My name is stephan, im a 26 year old chainsaw fanatic from south-western germany 

Since two years, I read this site here a lot. I must say, it is blowing me away how much knowledge and experience some of you guys have! Especially the saw-builders! I am a big Fan of those professional builders like Terry Landrum, Brad Snelling, Mastermind, Stumpy and all the others!

I am very interested in worksaw modifications, but germany, the land of dolmar, stihl and solo is unfortunately a wasteland when it comes to modded worksaws. There is no one who port worksaws on a professional level . That's why I tried it myself and step by step I'm getting better. But there is still a long, long, long way for me to become even semi-pro. But this site has already helped me a lot!

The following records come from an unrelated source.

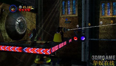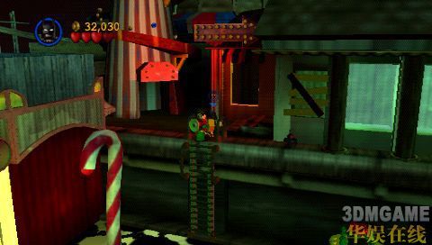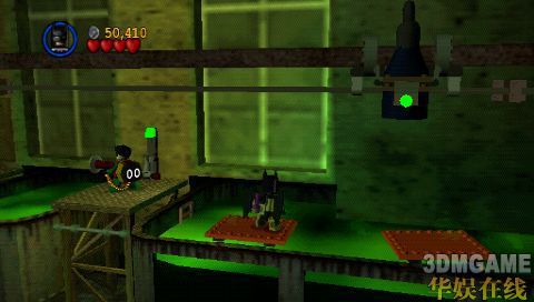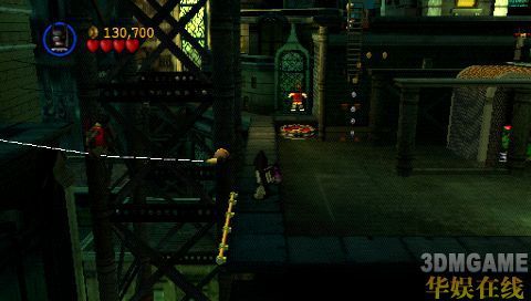 接着来到右边,将地上的积木搭成齿轮吊绳后上去,让Batman飞到对面后踩下圆形开关,装置会敲打叮当,使小丑掉下。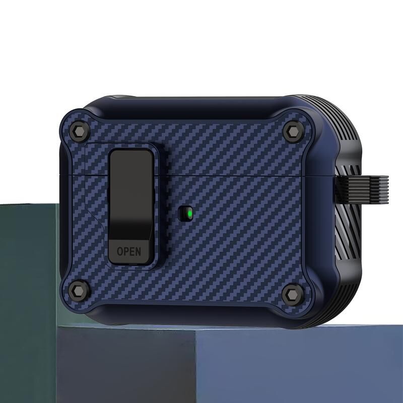 For AirPods Pro 2 Carbon Fiber Magnetic Automatic Switch Earphone Protective Case(Blue)
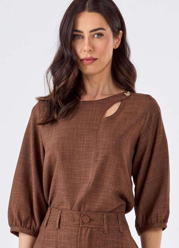 Pks - Blusa Pks Manga 7/8 Marrom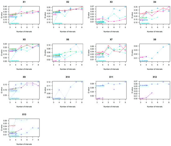 Parameter matching occurs when the q-values of each factor are at their maximum (where the abscissa indicate different ways of categorization. The vertical coordinates show the factor interpretations of the different categorizations under the different classifications. Different colored lines represent different classification methods. The purple line segment is sd, the deep blue line segment is quantile, the light blue line segment is geometric, the green line segment is natural, and the red line segment is equal).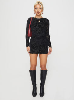- Velvet material, floral print, slim fitting, open back, boat neckline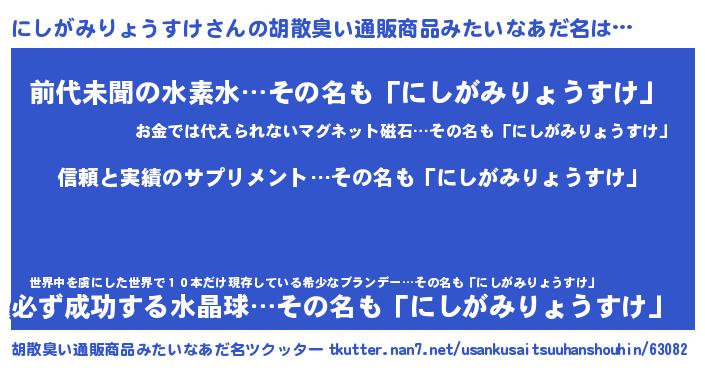 | 意味不明あだ名 | 『とにかく怪しいにしがみりょうすけ』 |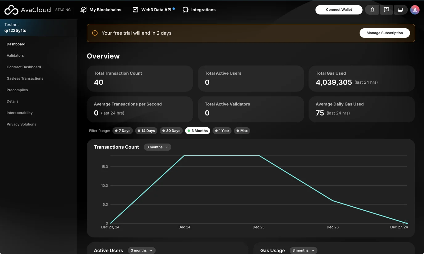 The L1 Dashboard in the AvaCloud Portal provides a comprehensive interface for monitoring and managing your L1 blockchain. This page outlines the key features and sections available within the dashboard.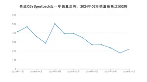 2024年11月,奥迪Q3 Sportback销量为221辆,同比下降46.62%,环比增长24.86%。2023年11月-2024年11月份,奥迪Q3 Sportback销量为4335辆,同比下降45.85%。

Half a year ago, I was in contact with Terry Landrum. I helped him a little with his logo design and He sold me a “wicked work saw kit” for my 390! I'm still very excited about it! Terry is really a great guy!


Last week I got a brand new Stihl MS661 CM and I did a little test with it against my 390 with the “wicked work saw kit”. I already posted this comparison in our german “motorsaegen-portal”.

The test was not really good, because I had little time and the weather was very bad. But I had some good feedback for it.

Then I thought to myself, why I should not post it here?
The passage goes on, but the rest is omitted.